Avery Shaw barely noticed the salty breeze whipping pale blonde hair across her face and fluttering the diaphanous layers of her dress against her legs. She was blissfully deep in a whirlpool of warm, hazy, happy memories as she stood on the sandy footpath and beamed up at the facade of the Tropicana Nights Resort.
She lifted a hand to shield her eyes from the shimmering Australian summer sun, and breathed the place in. It was bigger than she remembered, and more striking. Like some great white colonial palace, uprooted out of another era and transplanted to the pretty beach strip that was Crescent Cove. The garden now teetered on the wild side, and its facade was more than a little shabby around the edges. But ten years did that to a place.
Things changed. She was hardly the naive sixteen-year-old with the knobbly knees she’d been the summer she was last there.
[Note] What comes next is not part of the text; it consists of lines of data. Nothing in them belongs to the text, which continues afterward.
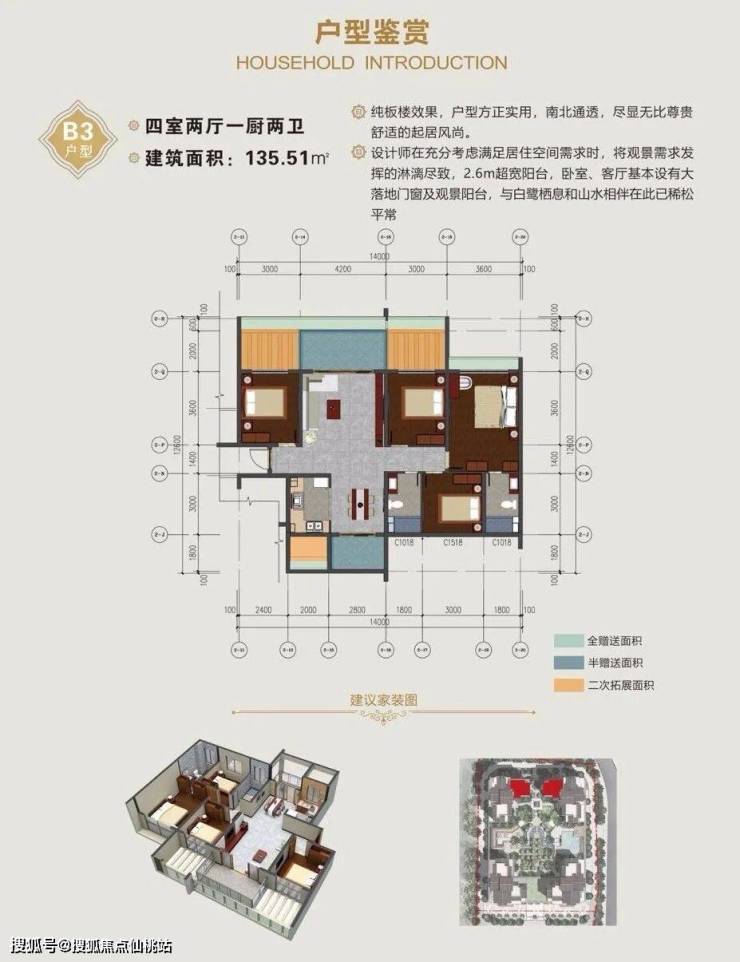 主次卧室、客厅特设观景阳台,让视野随着地面延伸,四季变迁尽收眼底。
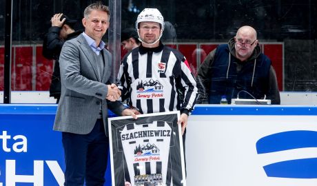 Sławomir Szachniewicz zakończył sędziowską karierę. W sobotę podczas meczu Polska – Słowenia w Tychach po raz ostatni wyjechał na lód jako arbiter liniowy, zamykając 26-letnią przygodę z gwizdkiem. Doświadczonego sędziego pożegnano wzruszająco: z honorami, pamiątkową koszulką i podziękowaniami od reprezentantów Polski.
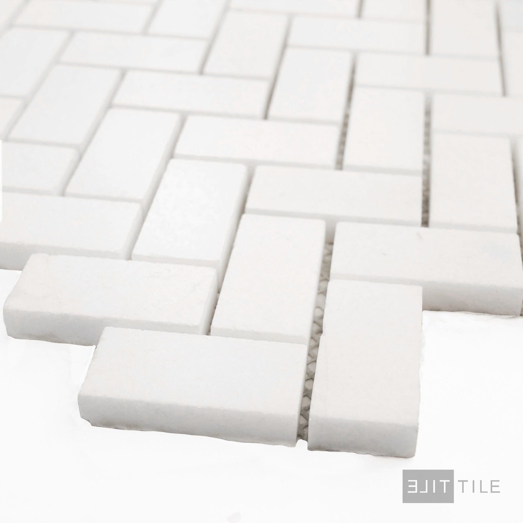 Thassos White Marble 1X2 Herringbone Polished Mosaic

Back when all that mattered was friends, and fun, and—
A loud whoosh and rattle behind her tugged Avery back to the present. She glanced down the curving sidewalk to see a group of skinny brown-skinned boys in board shorts hurtling across the road on their skateboards before running down the beach and straight into the sparkling blue water of the Pacific.
And sometimes, she thought with a pleasant tightening in her lungs, things don’t change much at all.